A conservative YouTuber amplified the fraud story late last month by releasing a video alleging that several Minnesota care facilities she visited that are run by Somali immigrants were taking federal money without caring for children. The state said it recently inspected the facilities and found they were operating normally. However, Democratic Minnesota Gov. Tim Walz announced Monday that he would not seek re-election.

Lydia Boerboom, an organizer with Kids Count On Us, a Minnesota-based nonprofit that advocates for child care funding, said the vast majority of care providers are sincere and want to root out any fraud in the system. He said it was “inhumane” to withhold funds from them when “there is no credible evidence” of widespread fraud.

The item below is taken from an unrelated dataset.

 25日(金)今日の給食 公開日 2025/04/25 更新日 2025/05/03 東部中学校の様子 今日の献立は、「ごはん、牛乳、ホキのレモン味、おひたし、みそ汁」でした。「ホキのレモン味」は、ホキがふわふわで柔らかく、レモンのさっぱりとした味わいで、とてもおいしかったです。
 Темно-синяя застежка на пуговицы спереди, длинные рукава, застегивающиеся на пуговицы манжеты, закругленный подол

“What happened has totally devastated our entire community and taken us back like 10 million steps in terms of what we’re fighting for in this state,” Boerboom said, referring to the right-wing frenzy of the last few days. “There has been a very coordinated effort to ensure that child care is defunded at every level possible right now.”

Elliot Haspel, an early childhood education expert, said allegations of widespread fraud in Minnesota’s child care system date back to at least 2019. Investigators found fraud (which is “nowhere near the epidemic levels” now alleged, he said), prompting new oversight protocols and reforms such as attendance and record-keeping requirements for providers. A recent audit by the HHS inspector general found that there are still inaccuracies in that information system.

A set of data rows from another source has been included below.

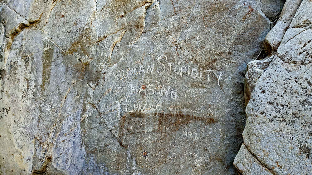 Als wir an einem Abend am Lagerfeuer sitzen, schaue ich versonnen nach Norden, wo es immer ein bisschen heller wird. Ich frage mich, woher das Licht kommt, denn dort ist gar nichts?! (Ein schwacher Schein von Las Vegas sowie von Los Angeles im Südosten bzw. Südwesten ist sogar hier, mehr als 200 km / 150 mi entfernt, zu sehen). Plötzlich dämmert es mir: es müssen Nordlichter sein!!! Und tatsächlich entwickeln sich schwache Streifen und der Lichtschein erweckt den leichten Eindruck eines Vorhangs. Gino und ich machen Fotos davon mit unseren Smartphones und diese vermögen auch die Farben, die wir von Auge allerhöchstens erahnen können, abzubilden! Wir staunen etwa eine Stunde lang, bis das Licht immer schwächer wird. Am nächsten Tag finden wir dann heraus, dass die Sonne am Freitag eine sehr starke Eruption hatte und das Nordlicht bis etwa in die Mitte der USA zu sehen war (wir befanden uns am allersüdlichsten Ende und haben nur die obersten Enden der höchsten – und deswegen auch roten – Nordlichter sehen können). Was für ein tolles Erlebnis!!!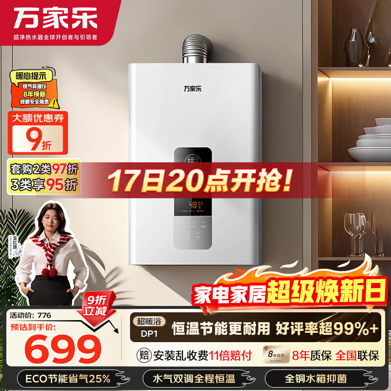 万家乐【超暖浴DP1(F)·金榜爆品】12升天然气智能变升节能速热精准恒温防冻以旧换新8年包修燃气热水器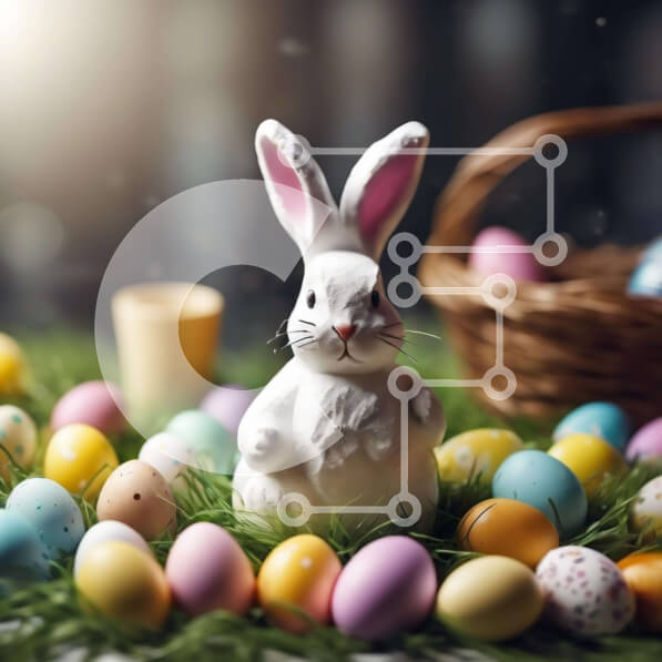 Intra Συλλεκτικό Ξύλινο Παζλ Plywood 4mm – Λευκό λαγουδάκι και Πασχαλινά αυγά στη χλόη Σε Ξύλινο Κουτί – Διαστάσεις Puzzle: 10×10 cm – 25 κομμάτια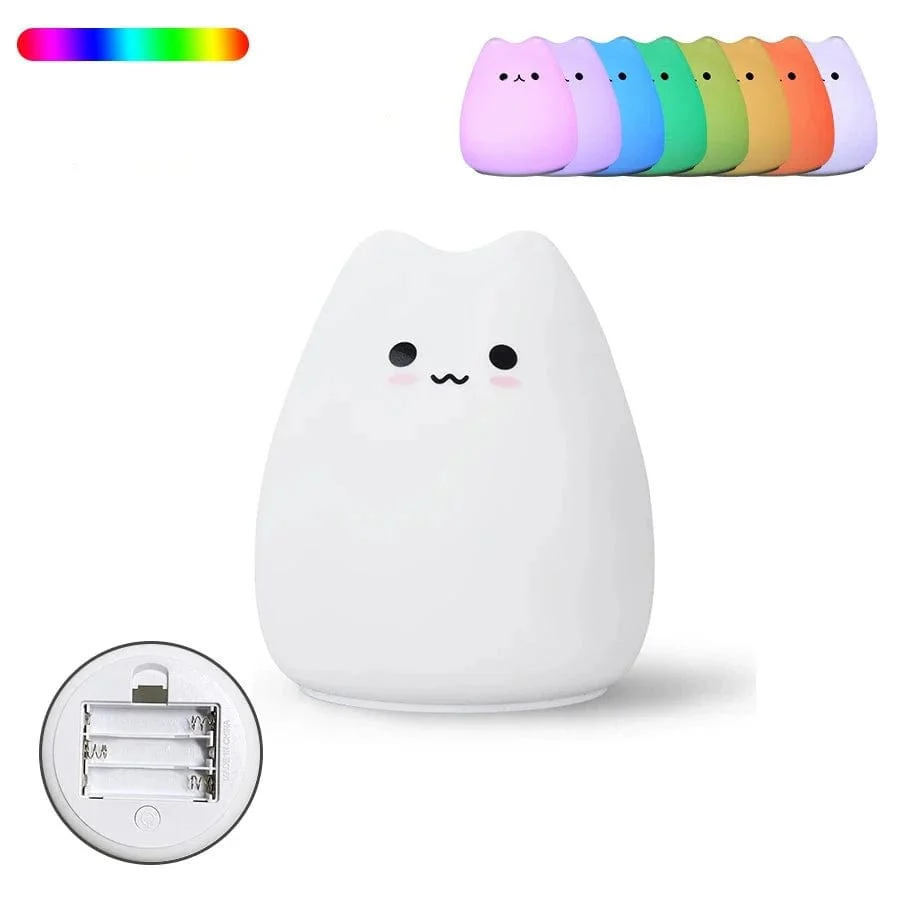 Plongez votre bébé dans un monde doux et apaisant avec notre veilleuse en silicone doux chaton. Sa lumière LED douce crée une ambiance chaleureuse, idéale pour des nuits paisibles. Plus qu’une simple veilleuse, elle devient un compagnon rassurant pour votre tout-petit.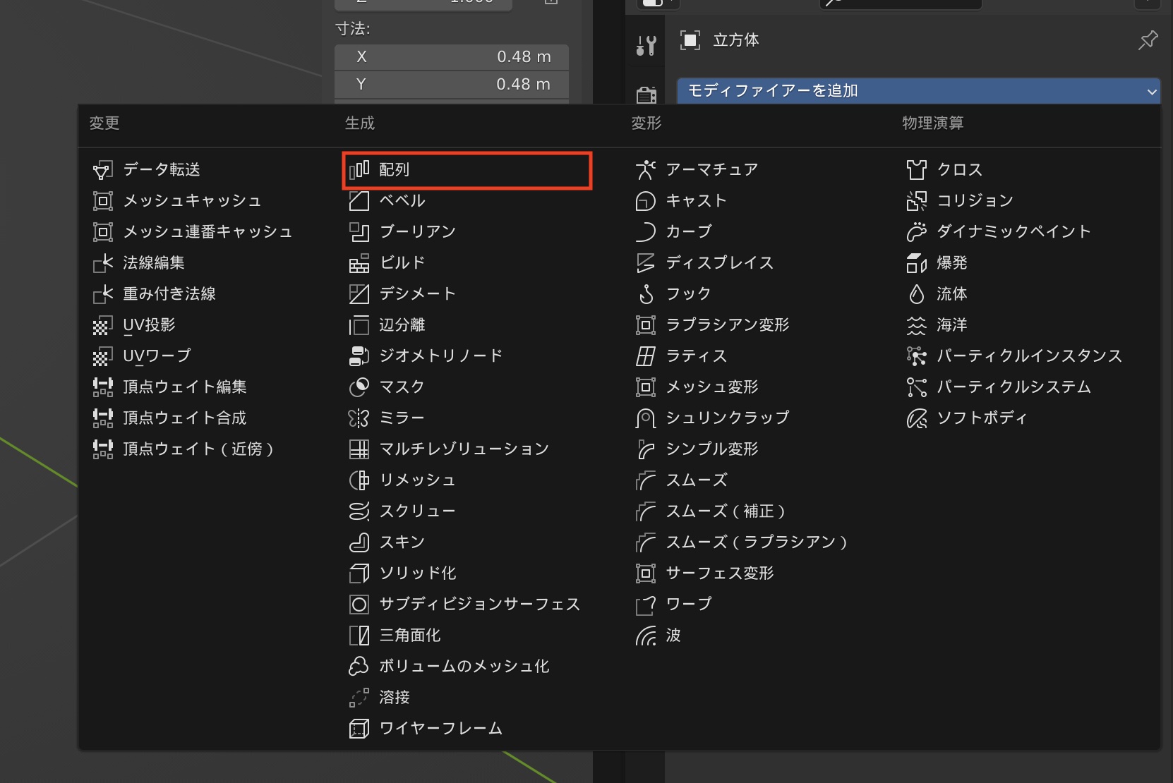 オブジェクトのクローンを行うには適用するオブジェクトを選択して、プロパティの「モディファイアー」にある「モディファイアーを追加」から「配列」をクリックし、モディファイアを追加します。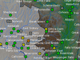 The good news is that according to the NWS's Advanced Hydrological Prediction Service, the only river/reservoir in the Catskills that is expected to flood in the next 48 hours is the Pepacton Reservior. Check out the region-wide interactive map of river gauges -- map locations in orange are where flooding is expected.
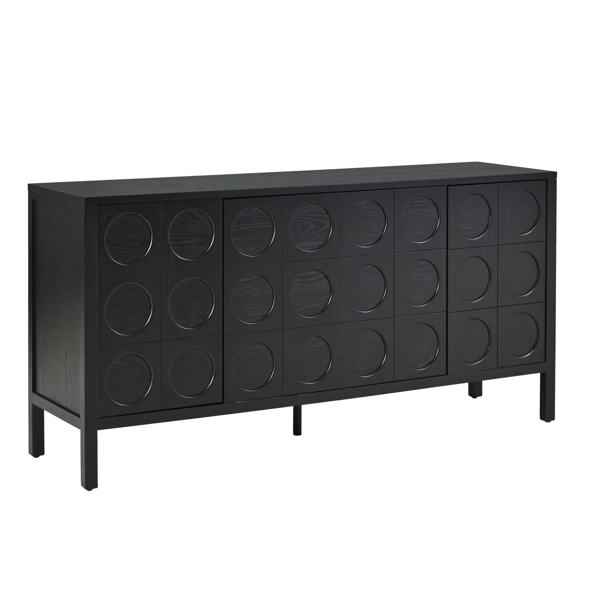 Stylish Storage Cabinet Sideboard With Unique Geometric Circle Door Design - Black
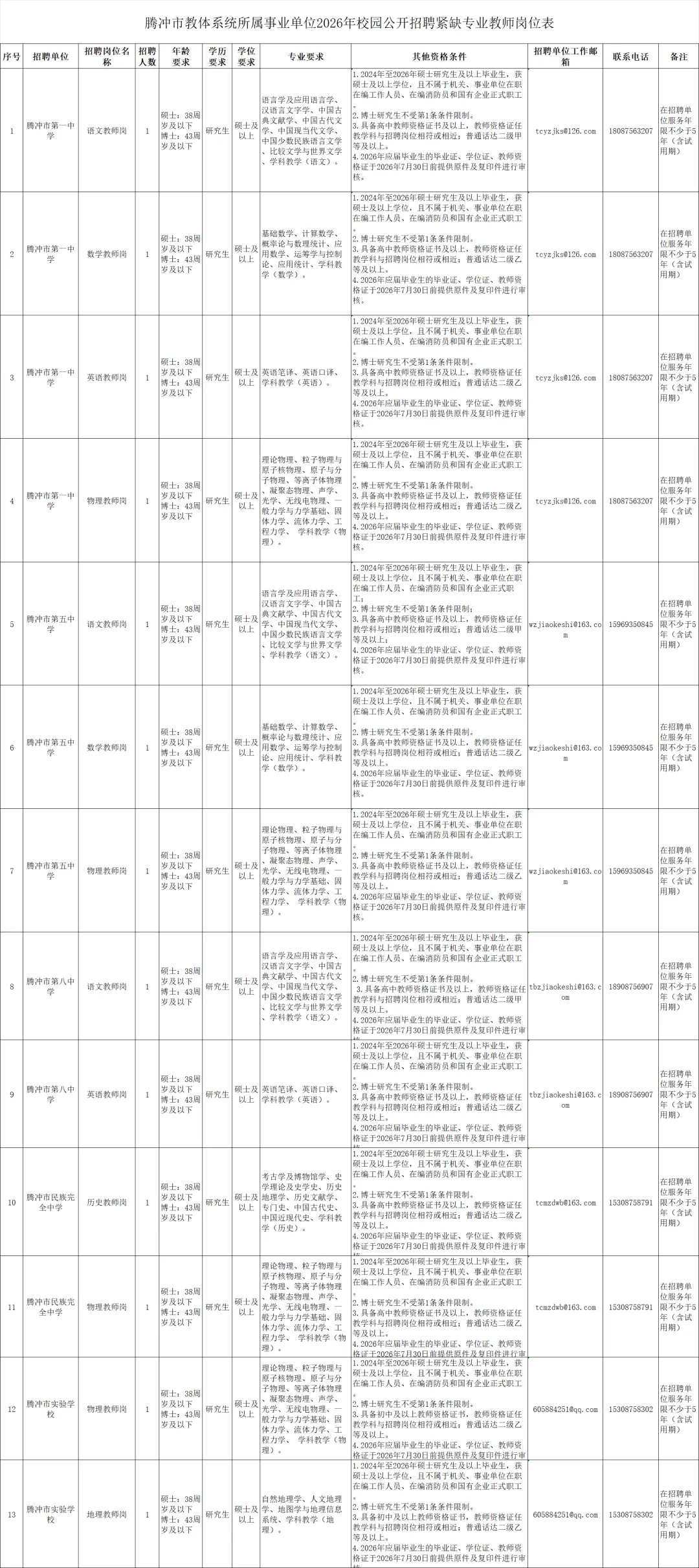 各招聘单位咨询电话详见《腾冲市教体系统所属事业单位2026年校园公开招聘紧缺专业教师岗位表》(附件1)

But cutting funding to Minnesota and other states now seems wildly disproportionate to any problems that may exist, Haspel said.

“When you carry such a giant rock downhill in an attempt to solve a problem (a problem that, frankly, there’s not much evidence that exists anymore), you’re causing a lot of collateral damage,” Haspel said.

Concern about the freeze has spread to families far beyond Minnesota. Shazia Khalid, a child care advocate with the group Moms Rising, said other parents in her WhatsApp group are “panicking” about whether they will continue to have spaces for their children.

“Many programs are already hanging by a thread and I am afraid of what this could mean for my family and other working families in my community,” Khalid said. “The care and education of our children should never be used as a political pawn.”

Correction: The original story misspelled Elliot Haspel’s name.